# Garnet-Gnome amp Volume problems



## togie (May 14, 2012)

Hey guys!

i just bought a Gnome amp for 35 bucks from a friend its in near mint condition but the volume is stuck at max. The knob can still be turned like the others but there is no change in volume.

Any help would be appreciated. Also, anyone know anything about these? I heard there pretty expensive amps.


----------



## Electraglide (Jan 24, 2010)

As others will probably say, "You got a Gnome for $35! Damn.". Oh yeah, the volume problem. I presume that you've taken the knob off to verify that the pot is turning and have looked in the back to make sure that it's connected. If so the best place to start is to pull the pot and test it if you have the tools. If you don't have the tools or the pot doesn't test good, replace it. And take pictures of the wiring before you do anything. $35.....damn. Now go buy a lottery ticket.


----------



## Jamrod (Dec 6, 2008)

You got a Gnome for $35! Damn. Wish I had friends like yours, that's a helluva great price. Those amps are often compared to Fender Vibro Champs. Does yours have reverb?


----------



## togie (May 14, 2012)

Thanks guys!

It was a lucky day. I picked up the amp and a Memphis strat style black for $70 together.

Electraglide-
I poped the knob off and everything is tight, also i checked the connections and they are firm. If its worth what you guys say i think i will have it repaired by somone who knows a bit more.

Jamrod-
Im not sure, it has tremolo with speed and depth adjustments. Im more of an acoustic guy, but i cant turn up owning another guitar and amp.

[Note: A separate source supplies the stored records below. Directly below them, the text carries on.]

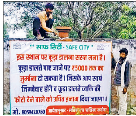
कनीना। नपा द्वारा चिह्नित प्लांट पर लगाए गए बोर्ड।
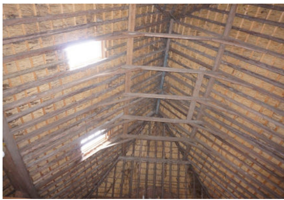
Nok van kap, zicht in lengterichting
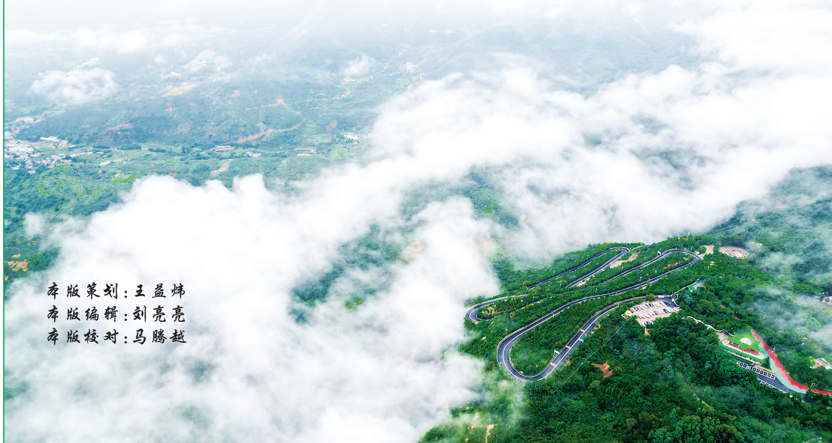
阳泉市狮脑山
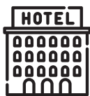
酒店 / 住宿
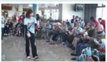
媒體報導本校參與運動志工活動之剪影
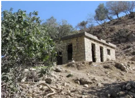
الرأس الأحمر: بقايا بيت قديم على اطراف القرية
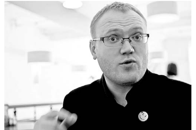
НА ФОТО: ЗАМЕСТИТЕЛЬ МИНИСТРА РЕГИОНАЛЬНОЙ ПОЛИТИКИ

Чиновник из правительства Юрченко назвал придорожный туалет градообразующим предприятием Болотного
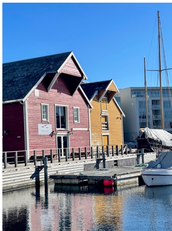
Figur 11: Sjøboder, Ulstein. 25. mars 2023
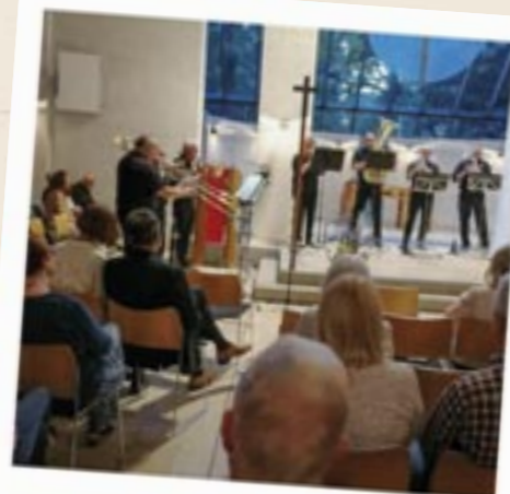
Blasmusik in der Christuskirche
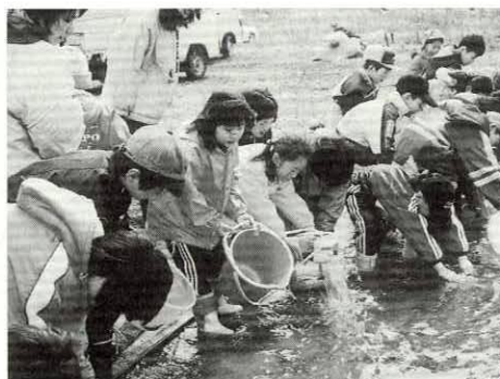
「阿仁川を忘れないでね」

子どもたちは、物珍しそうにバケツの中の稚魚に触れたり、名前を付けて呼んだりしていました。放流後は、長い旅路に向かう稚魚の無事を願いながら、見送っていました。
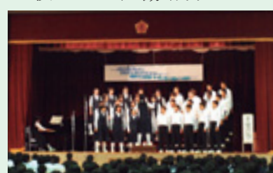
きれいな歌声を披露

また、秋には校内合唱コンクールが行われます。音楽の授業はもちろん、朝、昼、放課後と1日を通して練習。歌声と心を1つにして美しいハーモニーを作り出します。本番当日は各クラスの歌声が体育館中に響き渡り、コンクールの後は、クラスがより一層団結。3年で金賞を獲得したクラスは大胡地区の文化祭に代表として出場し、大胡中生の美しい歌声と団結力を披露します。 このほかにも、まだまだ本校の良い所はたくさんあります。これからも一人一人が成長し、より団結力を高め、良い所を伸ばしていきたいと思っています。
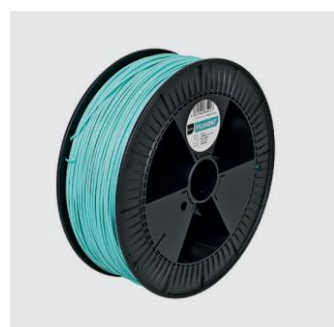
WANNSEE BLAU Size S from ¥18,000
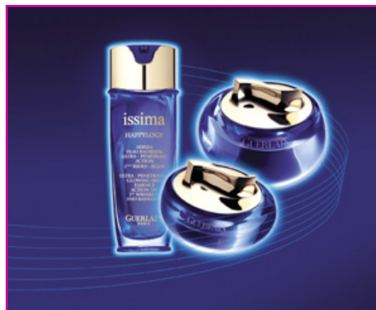
Figure 6 - Happylogy.

La recherche autour de la neurobiologie cutanée est un des axes majeurs suivis par Guerlain qui innove en lançant Happylogy , premier soin antirides majeur ouvrant le domaine de la neurocosmétique vers l'anti-âge (figure 6). La technologie Happylogy repose sur un complexe « pro-endorphines » issu de cacao et contenant des xanthines, complexe capable de stimuler la production d'une cytokératine majeure dans la différenciation de l'épiderme et aussi de stimuler les fibroblastes du derme. Ce soin est destiné aux premières rides.
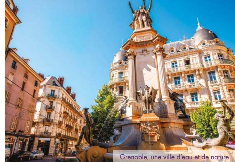
Grenoble, une ville d'eau et de nature

Au cœur d'un écrin naturel hors du commun, Grenoble s'engage à créer un cadre de vie haut en couleurs conjuguant loisirs, développement économique et respect de l'environnement. Intimement liée aux massifs alpins, dans lesquels elle puise toute son inspiration, la capitale du Dauphiné affiche clairement son ambition : s'imposer en cheffe de file des villes nouvelle génération.
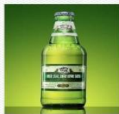
啤酒 [pí jiǔ] пиво
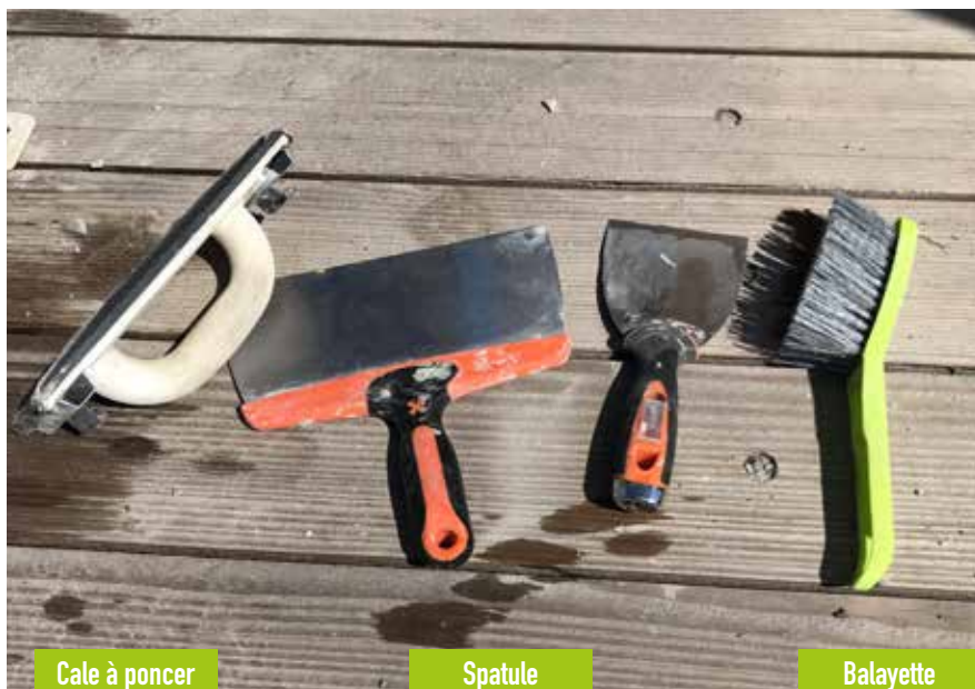
Cale à poncer

How much would you guys price this amp at in its mint shape ? After i get the volume i issue fixed of course.


----------



## Electraglide (Jan 24, 2010)

Somewhere between $200 and $500 I'd say. You got it for $35, someone got a Champ for $20 and the price of a fuse. I'm going to bed.


----------



## Jeff B. (Feb 20, 2010)

Check the pot with a multimeter and make sure that the lug that goes to ground is still connected to ground. If it's not it will act as you described and not attenuate the volume.
Pots are cheap and simple to replace if needed.


----------



## Jamrod (Dec 6, 2008)

If your amp has reverb, it would have an additional knob for that. Also, the model number on the ID sticker on the back of the amp would be G15TR (for Tremolo/Reverb) instead of G15T (for Tremolo-only models). As for price, Electraglide's on the mark.


----------



## bolero (Oct 11, 2006)

damn that's a great score


I'd be tempted to leave it like that...wired wide open


----------



## Percy (Feb 18, 2013)

togie said:


> How much would you guys price this amp at in its mint shape ? After i get the volume i issue fixed of course.

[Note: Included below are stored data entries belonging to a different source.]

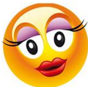
Ta holka se mi líbí!
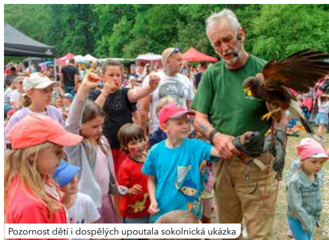
Pozornost dětí i dospělých upoutala sokolnická ukázka
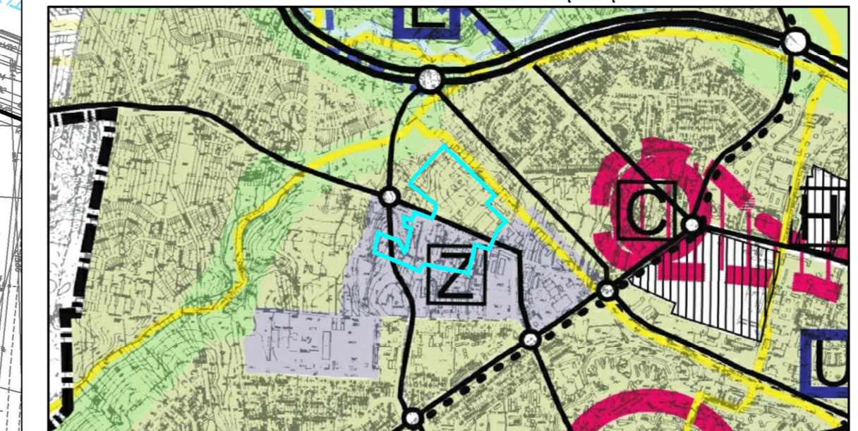
WYRYS ZE STUDIUM UWARUNKOWAŃ I KIERUNKÓW ZAGOSPODAROWANIA PRZESTRZENNEGO MIASTA LUBLIN Uchwała Nr 359/XXII/2000 Rady Miejskiej w Lublinie z dnia 13 kwietnia 2000 r. z późniejszymi zmianami
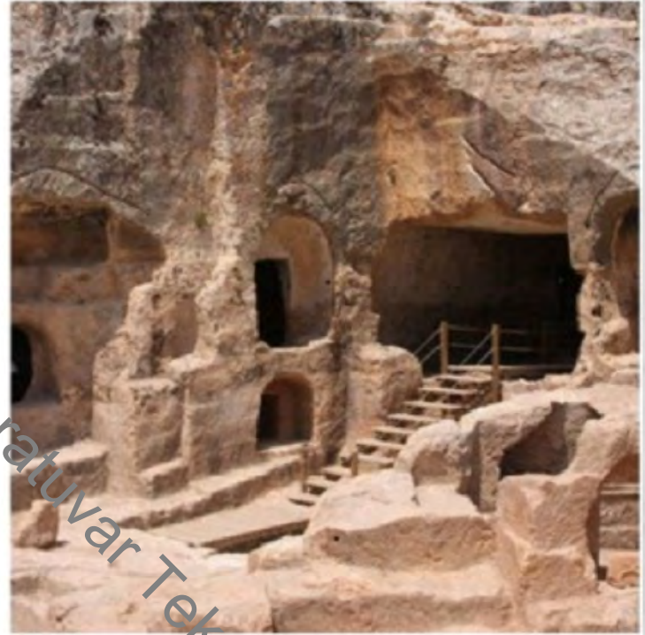
Hilar Mağaraları- Ergani Oda Mezarlar
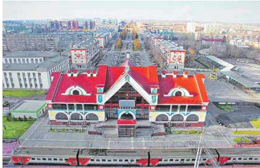
В рамках пилотных проектов расходы на модернизацию коммунальной инфраструктуры в Белове (Кемеровская область) составят 900 млн рублей

с.1 > «Повседневная жизнь людей требует самого насущного, без чего комфорт невозможен — это и новые трубы, и канализация, электросети», — отметил Мишустин, подчеркнув, что благополучие каждого муниципалитета напрямую зависит от того, насколько надежна будет инфраструктура ЖКХ.

Imo these little jems are priceless.....I bought one awhile back for 60.00 Canadian.....I put a 10 inch Warehouse green beret speaker in it and now have the best amp i have ever played thru.....

Before and after pics....


----------



## Granny Gremlin (Jun 3, 2016)

Electraglide said:


> Somewhere between $200 and $500 I'd say.


No one in their right mind should pay 500 for one of these (until a few years from now anyway). They are great, but for that much you can get a higher powered Garnet (e.g. Rebel - saw a gold logo PA version head for 350 yesterday, which is pretty cheap if it works; tempted but I already have one).


----------



## Tone Chaser (Mar 2, 2014)

Perhaps the volume pot was previously sprayed with an inferior product.

I would try a shot of Deoxit and a little physical coaxing. If it frees up and does what it should; double lucky you!


----------



## Granny Gremlin (Jun 3, 2016)

If it turns but the resistence does not change I don't see how it could be a cleaning issue, but it's easy enough and wont hurt so worth a try. Most likely the shaft has become disconnected from the wafer (have had that happen to this type of pot when physically abused, e.g. trying to remove a knob that was a bit too small but someone forced on anyway - pulls the shaft out a tad) or bypassed altogether (either intentionally or a short) since the OP already checked that the leads to the pot are connected it must be at the other end(s), i.e. in the circuit (Gar didn't build em pretty; could be a bear to track down).


----------



## jb welder (Sep 14, 2010)

Sorry to be the smartarse here, but if he hasn't got it fixed since 2012, I don't have high hopes.


----------



## Granny Gremlin (Jun 3, 2016)

d'oh


----------